Wie eingangs erwähnt, gilt der Mangel an Fachkräften in Deutschland offiziell als der Hauptgrund für solche Maßnahmen. Laut der Ifo-Umfrage betrachten etwa 42 Prozent der Unternehmen den Fachkräftemangel als ein schwerwiegendes Hindernis für den Ausbau ihrer Produktion. Am deutlichsten ist dieses Problem in den sogenannten Neuen Bundesländern zu spüren, wo die demografische Krise stärker zu beobachten ist als in Westdeutschland.
Um den Mangel an Fachkräften zu beheben, gehe es aber nicht nur darum, die älteren Beschäftigten bei Laune zu halten, damit sie nicht sogar noch vorzeitig in Rente gehen, meinen deutsche Experten. Zusätzlich fordern sie dennoch auch mehr Migration in die Bundesrepublik. So brauche Deutschland nach Angaben des "Sachverständigenrates zur Beurteilung der gesamtwirtschaftlichen Lage" künftig 1,5 Millionen Zuwanderer pro Jahr.
Die Bundesregierung hat sich diesen Vorschlag offenbar zu Herzen genommen und beschloss deshalb, die Zuwanderung merklich zu erleichtern.
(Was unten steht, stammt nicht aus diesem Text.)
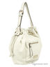 Маленькая сумка - мешочек. Одно отделение на кнопке, затягивается на тоненькие ремешки. Внутри имеются карманы разного типа. С лицевой стороны карман на молнии, лого. Подкладка - коричневый нейлон, фурнитура - золото. Одинарная ручка - ремешок с возможностью регулировки длинны. Дно мягкое , форма. 21(37)-20-6см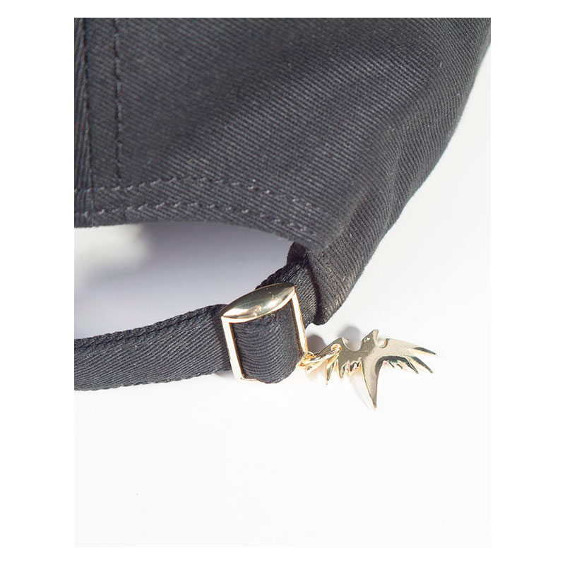 Como en todas nuestras gorras, no podría faltar los detalles que diferencian a nuestros artículos. Su cierre tiene un abalorio de un cuervo que cuelga de la hebilla haciendo homenaje a la mascota de Maléfica.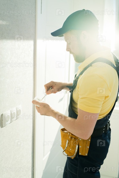Рабочий, делающий розетку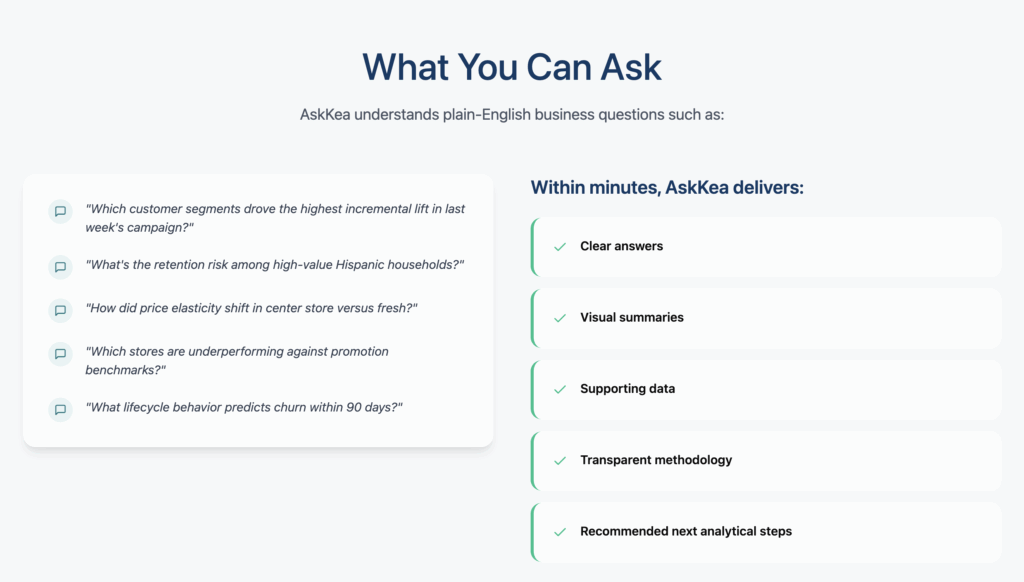 “I have been experimenting with AskKea recently and it is an absolute game-changer for retailers. Not only will they be able to better understand their sales and rewards data, with AskKea, they can make the data highly actionable.”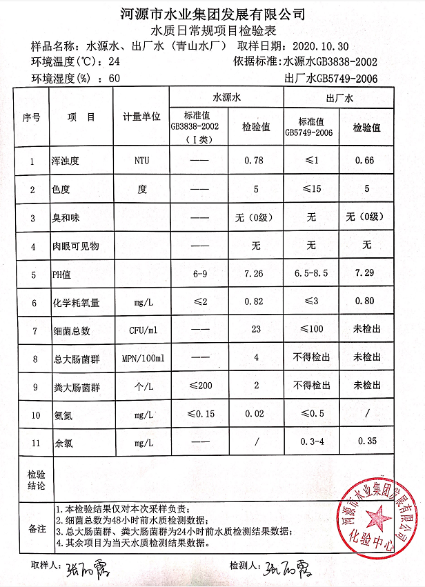 2020年10月30日水質檢驗報告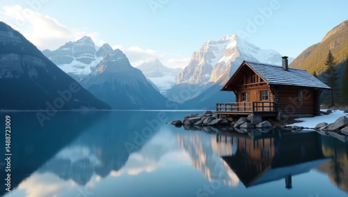 Cozy Cabin by the Lake Surrounded by Mountains at Sunset in a Tranquil Landscape With Reflections in the Water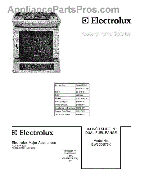 Electrolux Range Parts
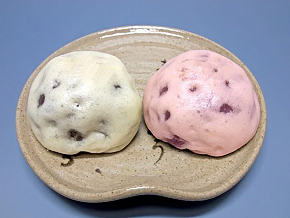 田んぼの上にうっすらと雪が降り積もった情景をイメージして作ったおまんじゅうは、北海道産小豆を氷砂糖で炊き上げ、北海道九州産小麦の薄皮で包んだ、あっさりと甘さ控えめな粒あんがたっぷり詰まっています。店頭のからくり看板が目印です。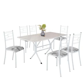 Conjunto Sala de Jantar Mesa Retangular 140x75cm Tampo Madeira Mdp Off White 6 Cadeiras Paraty Paraopeba / Branco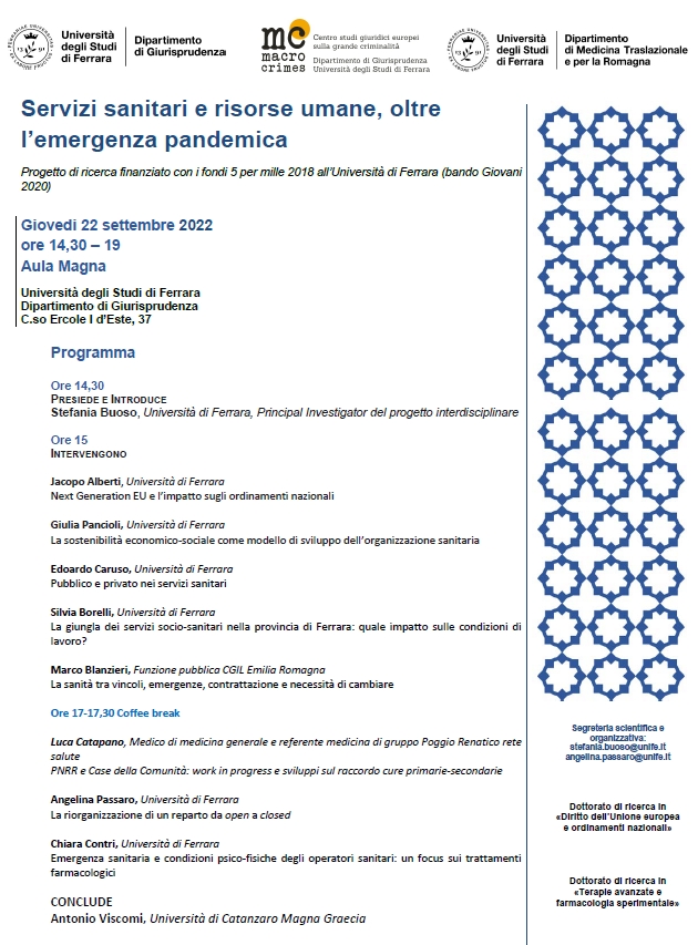 L'evento si potrà seguire anche su Unife Channel al seguente link: https://youtu.be/nttMMFOLmw0

Nach langen Verhandlungen haben sich die Gesetzgeber auf ein neues Zuwanderungsgesetz geeinigt, das im vergangenen Juni verabschiedet wurde. Dieses Gesetz soll drei Voraussetzungen implizieren, um als Arbeitsfachkraft in Deutschland willkommen zu sein: Qualifikation, Erfahrung oder Potenzial.
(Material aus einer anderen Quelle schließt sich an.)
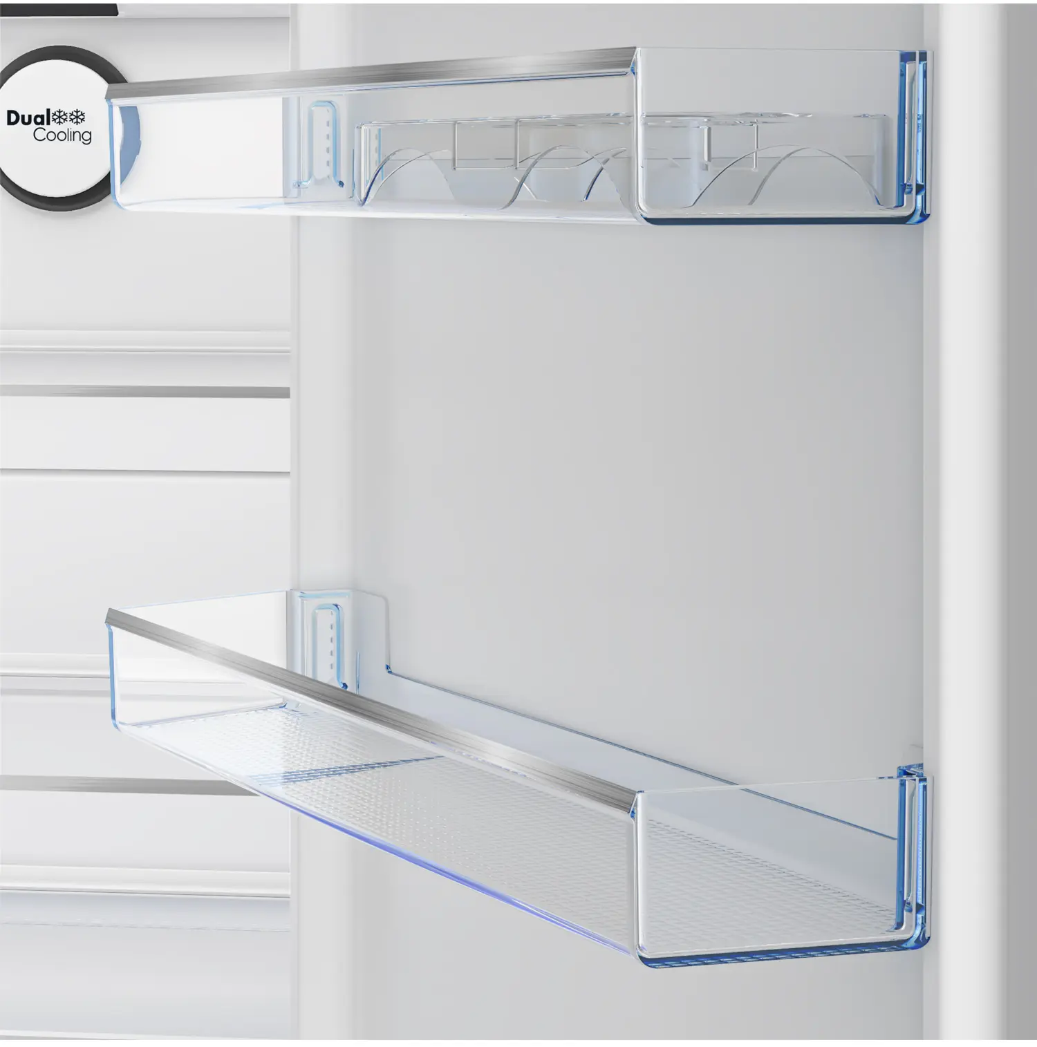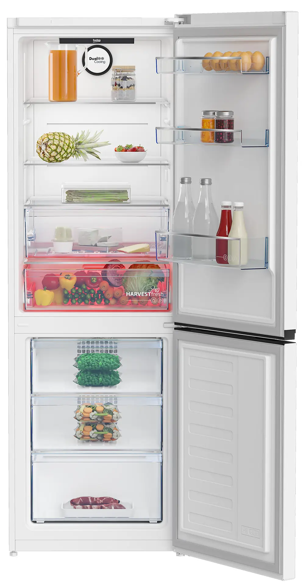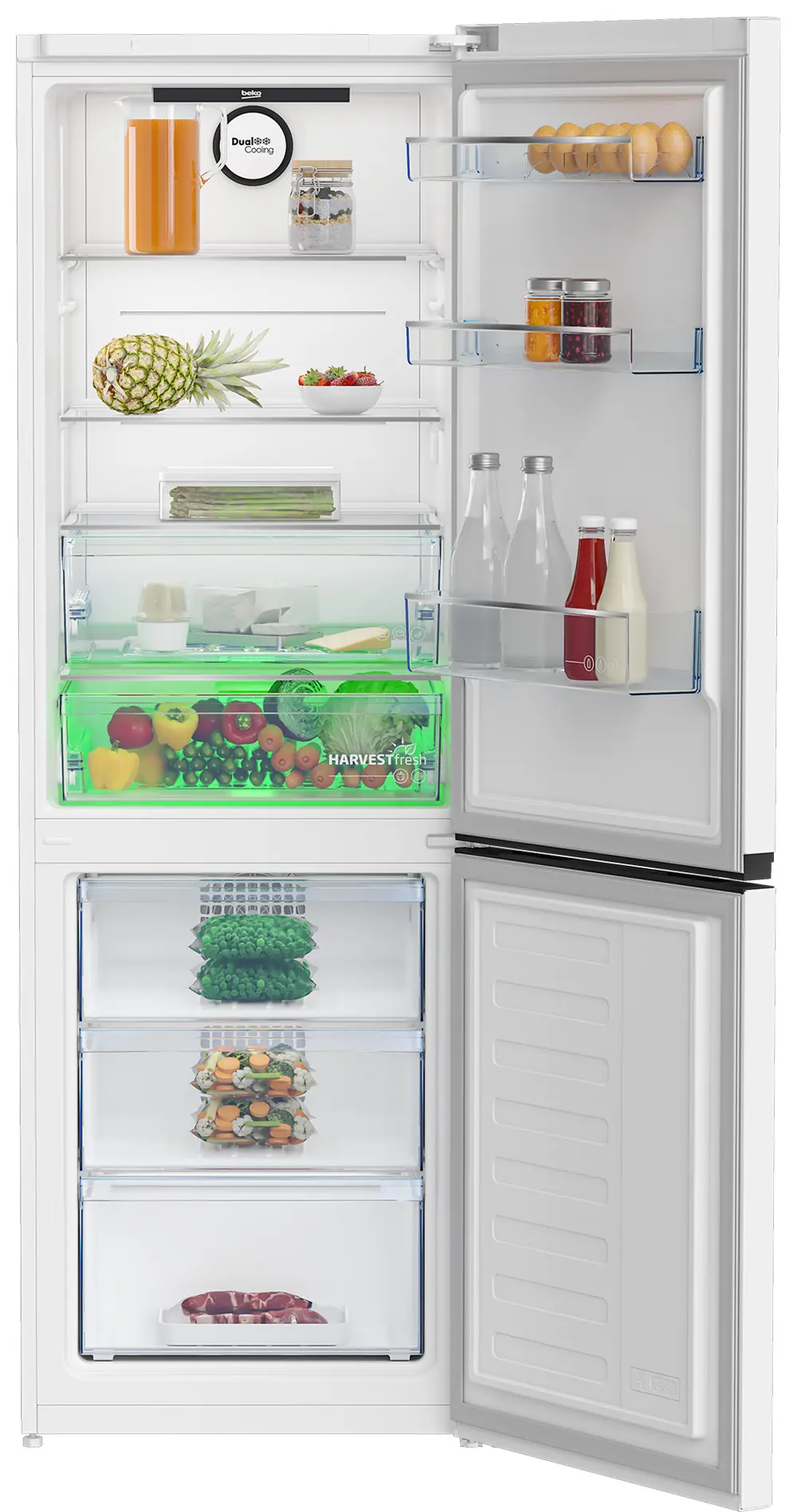 Двухкамерный холодильник Beko с цифровым дисплеем и электронным управлением оснащен двухконтурной системой охлаждения NoFrost Dual Cooling (Ноу Фрост), которая разделяет воздушные потоки между холодильной и морозильной камерами для лучшего охлаждения без смешивания запахов и образования льда на стенках.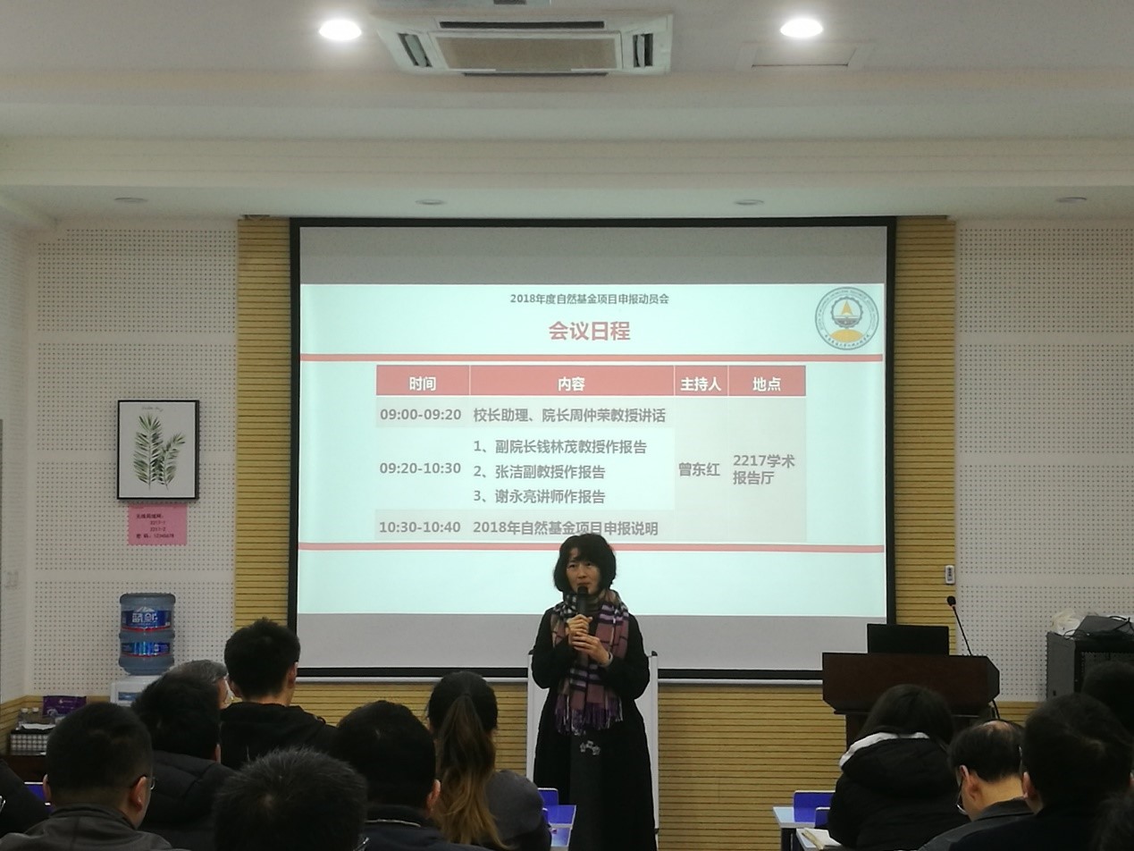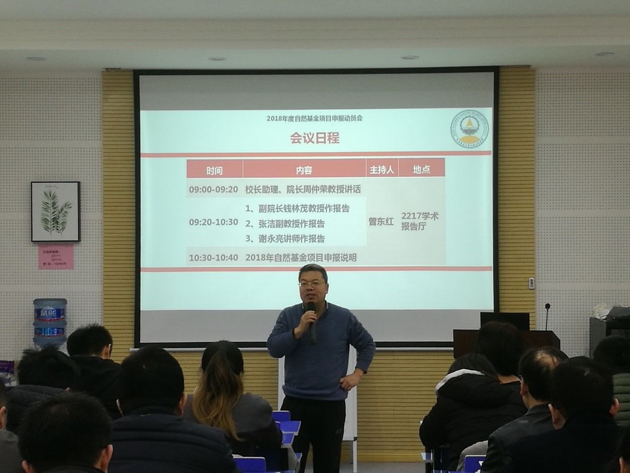 最后,副院长曾东红跟与会人员报告了学院支持自然基金项目申报的政策和2018年度自然基金项目申报工作安排。

Nicht zu vergessen ist, dass Fachkräfte mit anerkanntem Abschluss bereits heute einwandern dürfen. Wer mindestens zwei Jahre Berufserfahrung und ein Gehalt über einer bestimmten Schwelle nachweisen kann, darf ebenfalls zuwandern, und zwar auch ohne abgeschlossenes Anerkennungsverfahren. Im Grunde wird dieses Prinzip durch die Gesetzesnovellierung ergänzt, die es Menschen auch ohne Arbeitsvertrag ermöglichen soll, nach Deutschland zu kommen.
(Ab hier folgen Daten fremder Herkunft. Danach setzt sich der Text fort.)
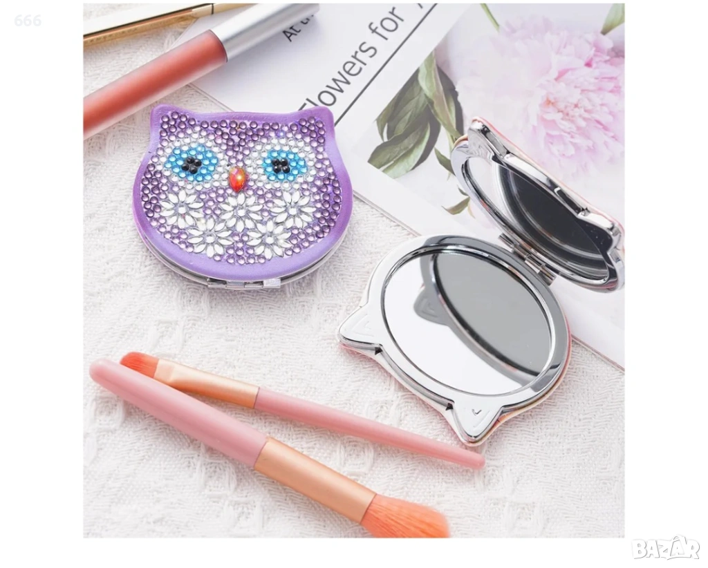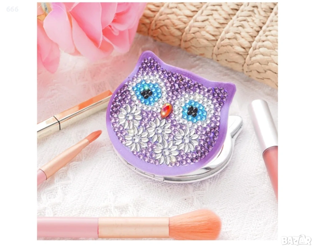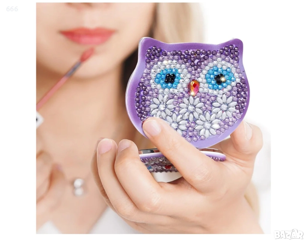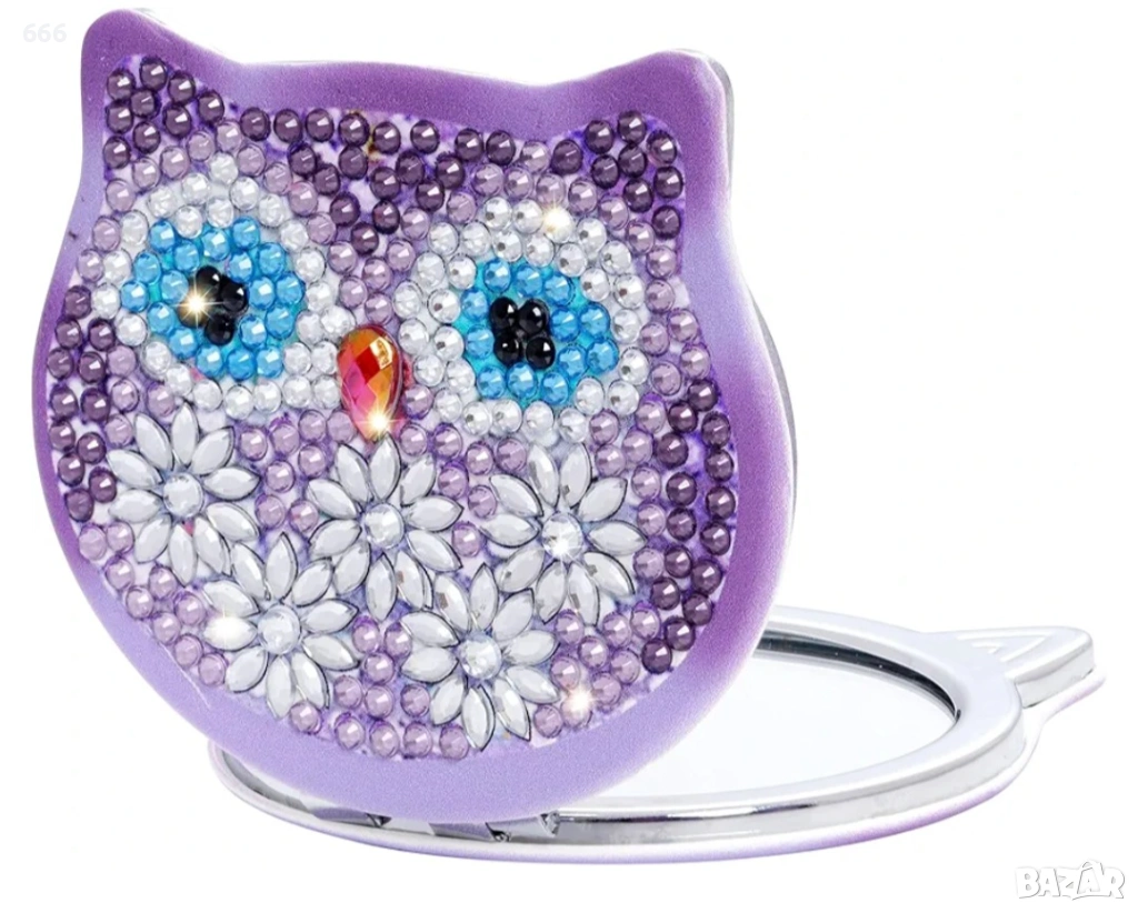 Сладък и прекрасен дизайн във формата на бухал: Това компактно огледало е със сладък дизайн във формата на бухал, много атрактивен. Тези джобни огледала с диамантена боя предлагат широко приложение - от ежедневен грим до пътуване. Идеалният избор за подарък за вас или за някой специален в живота ви, който търси нещо забавно и полезно.

Inwiefern die derzeit von Rezession und der Unternehmensabwanderung geplagte deutsche Wirtschaft in absehbarer Zeit überhaupt noch Bedarf für ausländische Fachkräfte haben wird, ist allerdings offen. Kritiker weisen in diesem Zusammenhang darauf hin, dass die benötigte Zuwanderung nicht unproblematisch zu bewerkstelligen werden dürfte. Angesichts der angespannten wirtschaftlichen Situation stellt sich etwa auch die Frage, wie bei Millionen neuer Einwanderer, die ins Land kommen, deren Situation gegen mögliche Probleme abgesichert werden könnte.